Brawn and his colleagues previously analyzed the impact of longer dry seasons on 20 bird species in Panama, finding significantly lower population growth rates in several species. Although that study leveraged a robust 30-year dataset, he knew 20 species were only a drop in the bucket. Would the pattern hold for all 3,000 resident forest-dwelling bird species in the Neotropics? 

Brawn teamed up with David Luther, associate professor in the College of Science at George Mason University, and others, including UCLA’s Rong Fu, to forecast how precipitation will change by the year 2100 in the Neotropics under two climate scenarios. The business-as-usual scenario, known as SSP-8.5, represents a pessimistic vision of the future with no carbon mitigation. The team also modeled the impacts of SSP-2.6, which reflects aggressive mitigation action and a rapid transition to a low-carbon economy. 

Because birds already experience greater physiological and behavioral stress during dry periods — more difficulty finding food, weight loss, delayed reproduction, and greater mortality — the team focused specifically on how SSP-8.5 and SSP-2.6 might lengthen or shorten that season throughout the region. 

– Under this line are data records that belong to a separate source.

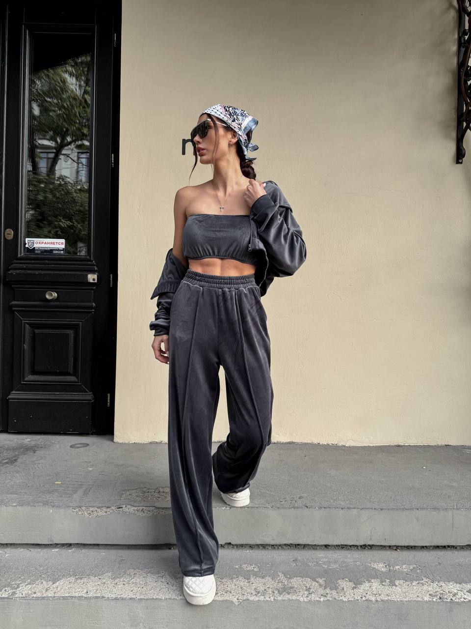 Очень крутой и комфортный костюм тройка состоящий из тощи, брюк и топа. Костюм создан из плотной ткани, которая обеспечивает комфорт и удобство.
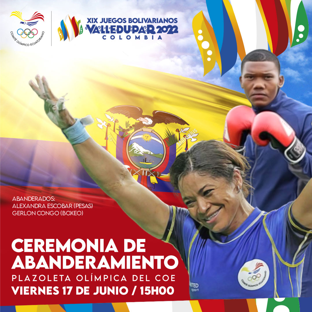 La Ceremonia de abanderamiento para entregar el Pabellón Nacional, que los tricolores portarán en el desfile inaugural de los Juegos Bolivarianos el 24 de junio, se desarrollará este viernes 17 de junio a las 15h00 en la Plazoleta del Comité Olímpico Ecuatoriano.
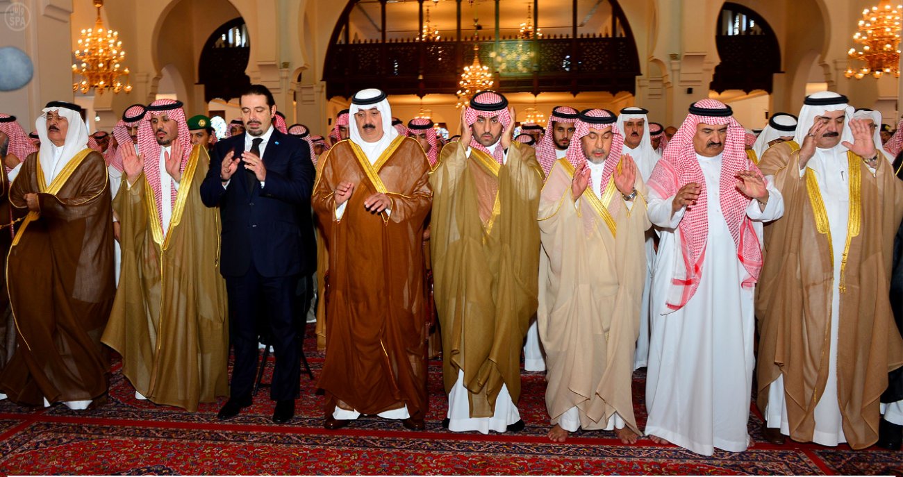 وقد أدى الصلاة مع سموهما صاحب السمو الملكي الأمير خالد بن سعد بن عبدالعزيز , وصاحب السمو الأمير سعود بن عبدالله بن ثنيان رئيس الهيئة الملكية للجبيل وينبع ,وصاحب السمو الملكي الأمير عبدالله بن متعب بن عبدالله , وصاحب السمو الملكي الأمير سعد بن متعب بن عبدالله بن عبدالعزيز ,وصاحب السمو الملكي الأمير تركي بن متعب بن عبدالله , ورئيس الوزراء اللبناني الأسبق سعد الحريري .
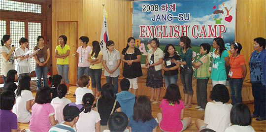 장수 와룡휴양림에서 열린 장수교육청의 제3회 영어캠프에서 원어민 영어보조교사들이 소개되고 있다. (desk@jjan.kr)
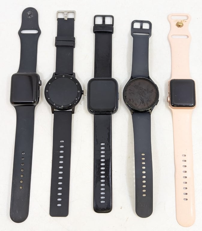 5x Smart Watches / Fitness Trackers, Brands Include Apple, RoHS, Samsung, EtcItems Untested, Unknown Working ConditionsSold As Lot
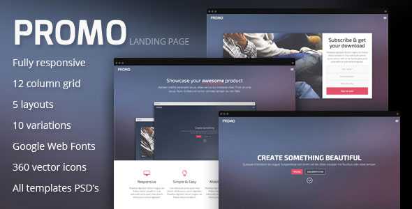 PROMO is a responsive landing page template ideal for companies that offer products or services. It can be used to promote your company, product, accommodation, real estate, event, ebook or app.
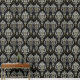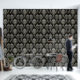 A luxurious and ornate damask pattern featuring intricate white and gold floral motifs on a black background. The design exudes a classic and sophisticated aesthetic, commonly found in vintage wallpapers, textiles, and high-end decor.
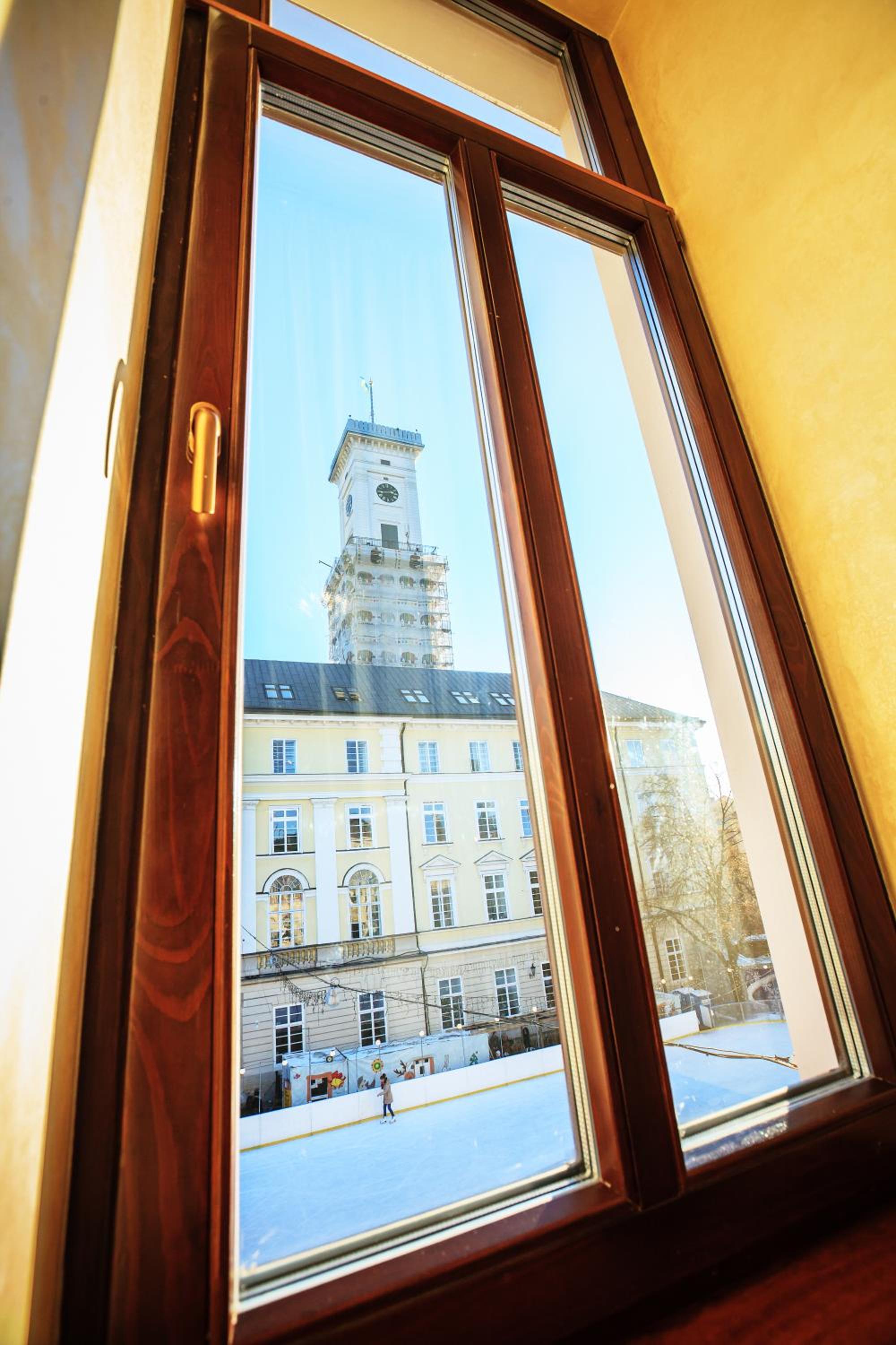 Зручне розташування в самісінькому центрі. Вид з вікон на ратушу. Наявність кондиціонеру. Привітний персонал.
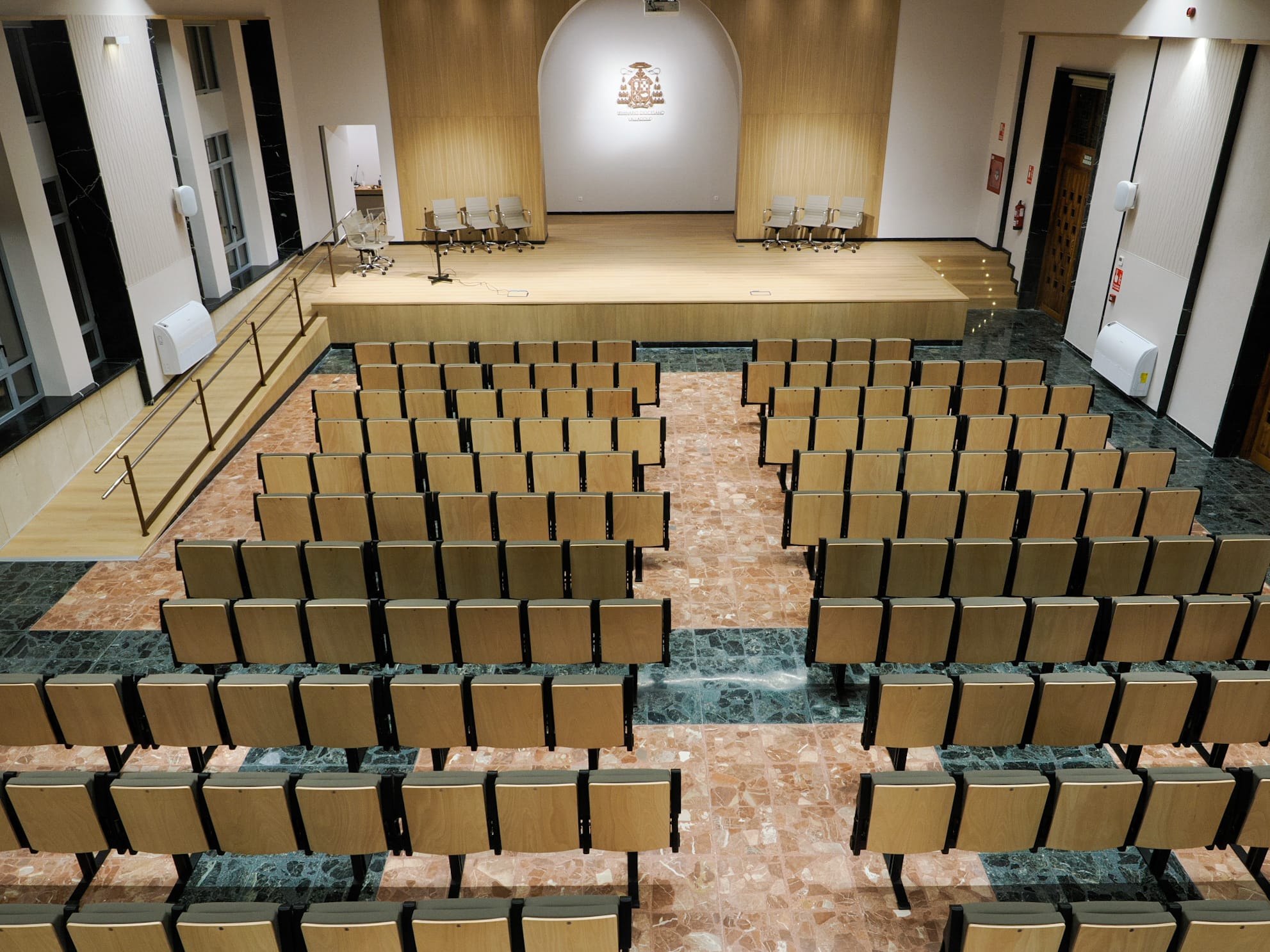 Con su reforma, el salón de actos del Seminario Diocesano mejora su accesibilidad, comodidad y funcionalidad para poder seguir albergando, tras la modernización de sus instalaciones a las necesidades actuales, las diversas actividades que organizan a lo largo de todo el año el propio Seminario, así como la Archidiócesis de Valladolid a través de sus parroquias, delegaciones, movimientos y asociaciones.
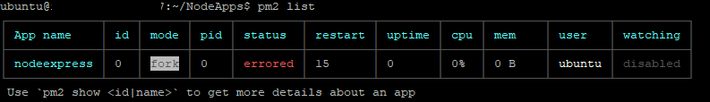 2)应该列出正在运行的应用程序,您可以为每个应用程序找到一个online或errored状态

“Precipitation changes could have a huge impact on these systems, especially with regard to biodiversity, but temperature has dominated the climate change landscape until recently,” Luther said. “Precipitation has been neglected for too long.”

Mapping predicted changes in dry season length across the Neotropical region — comprising Central America, the Caribbean, and South America — the team then layered on the distribution of some 3,000 forest bird species to understand how their ranges might overlap with these changes. 

“We were able to say where the dry season is going to get longer or shorter, and to what extent, and how many species currently living in those places will be affected. This included species that might be disproportionately affected because they don't live anywhere else,” Luther said. “As a last measure, we overlaid the global layer of world protected areas and looked at whether they are going to get a lot drier or wetter.”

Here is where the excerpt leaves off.